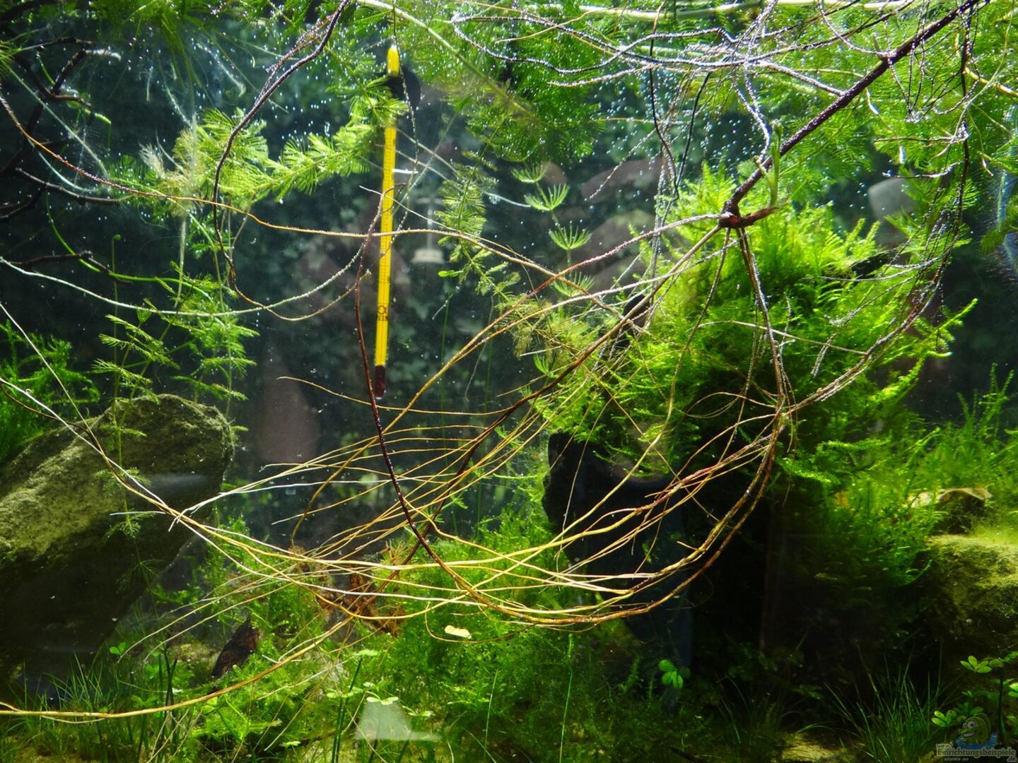 Eleocharis acicularis sp. mini Marsilea hirsuta Myriophyllum sp. Egeria sp. versch. Moose (Fissidens, Taiwan, Creeping, Flame) Echinodorus ´Red Chamäleon´ Hornkraut Brombeere Heckenrose (darüber an der Wand angebracht) Salix sp. die soll mal ein Bonsai werden.
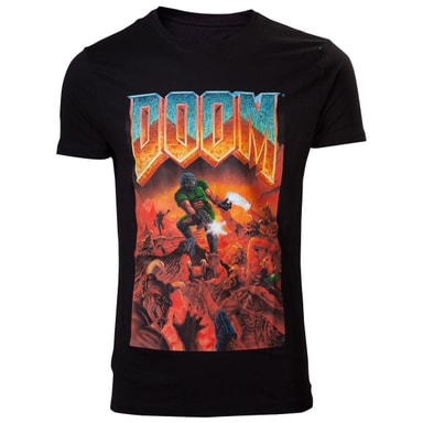 Musta t-paita Doom classic painatuksella. 100% puuvillaa, koko XL (eurooppalainen koko 54).
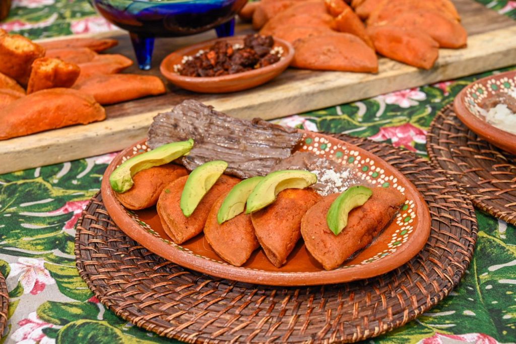 Recordó que este emblemático platillo surgió en 1919, cuando doña Cristina Jalomo, al mezclar accidentalmente la masa de nixtamal con chile seco, creó una masa rojiza que aprovechó para elaborar tortillas, las cuales rellenó con queso, cebolla y salsa, para después freírlas en manteca y venderlas en la Plaza principal, donde rápidamente se ganaron el gusto de la población.
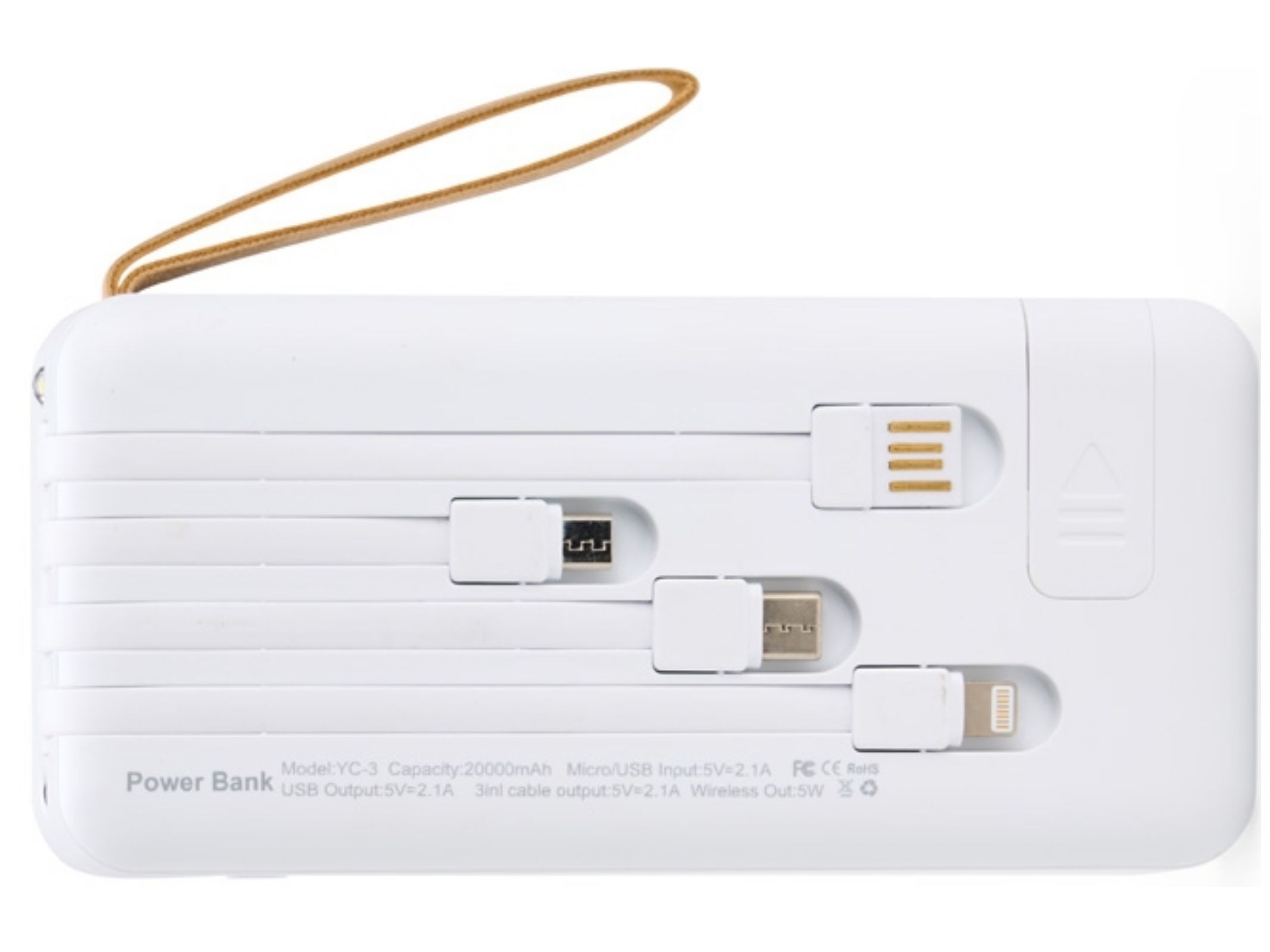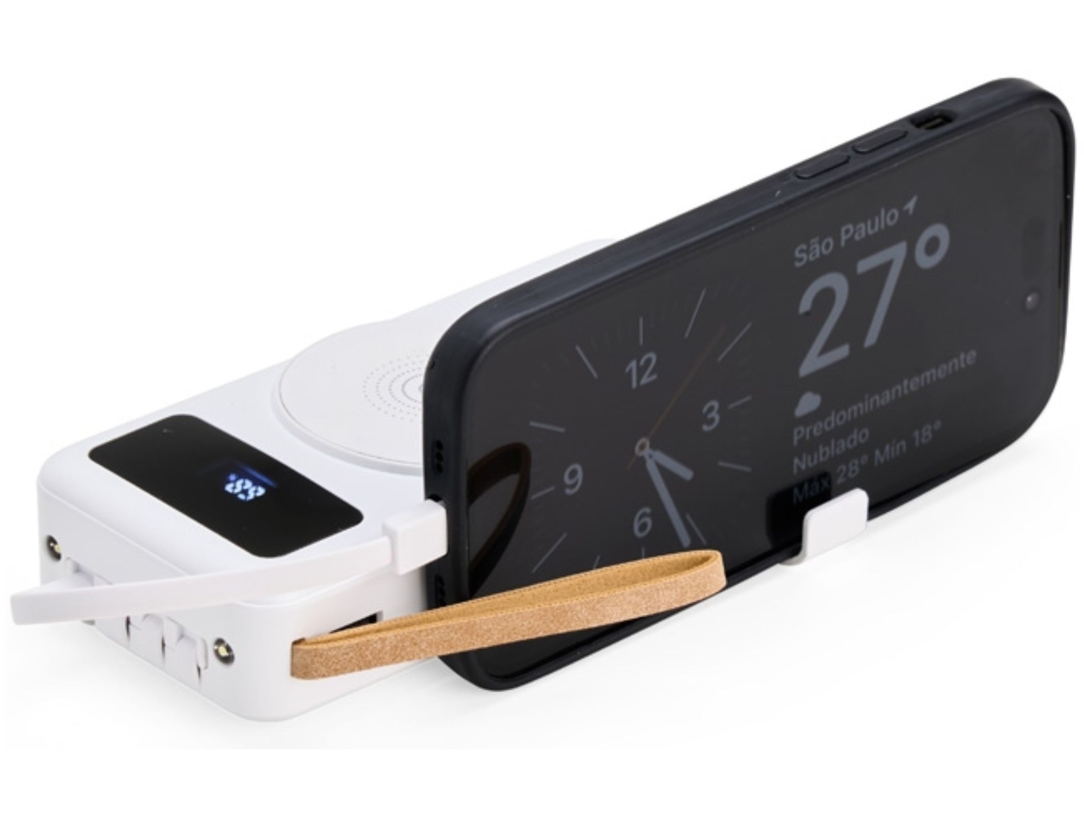 Power Bank com capacidade de 20.000mAh. Possui painel LED com indicador de porcentagem de carga da bateria do aparelho de recarga, conta com quatro cabos acoplados: USB-C, Micro USB, Lightning e Cabo USB, e também com espaço reservado para carregamento por indução, além de uma saída USB-C, Micro-USB e USB para recarga do carregador. Também apresenta um suporte lateral integrado para manter o celular na horizontal durante o carregamento, facilitando a visualização de vídeos ou participações em reuniões virtuais enquanto o dispositivo carrega, além de uma alça em couro sintético.

▶ PROBLEM TO WORK ON: Give back exactly the lines from the one that contains "Musta t-paita Doom" to the final line of the data above, both included, with all pictures removed.

▶ RESULT:
 Musta t-paita Doom classic painatuksella. 100% puuvillaa, koko XL (eurooppalainen koko 54).
 Recordó que este emblemático platillo surgió en 1919, cuando doña Cristina Jalomo, al mezclar accidentalmente la masa de nixtamal con chile seco, creó una masa rojiza que aprovechó para elaborar tortillas, las cuales rellenó con queso, cebolla y salsa, para después freírlas en manteca y venderlas en la Plaza principal, donde rápidamente se ganaron el gusto de la población.
 Power Bank com capacidade de 20.000mAh. Possui painel LED com indicador de porcentagem de carga da bateria do aparelho de recarga, conta com quatro cabos acoplados: USB-C, Micro USB, Lightning e Cabo USB, e também com espaço reservado para carregamento por indução, além de uma saída USB-C, Micro-USB e USB para recarga do carregador. Também apresenta um suporte lateral integrado para manter o celular na horizontal durante o carregamento, facilitando a visualização de vídeos ou participações em reuniões virtuais enquanto o dispositivo carrega, além de uma alça em couro sintético.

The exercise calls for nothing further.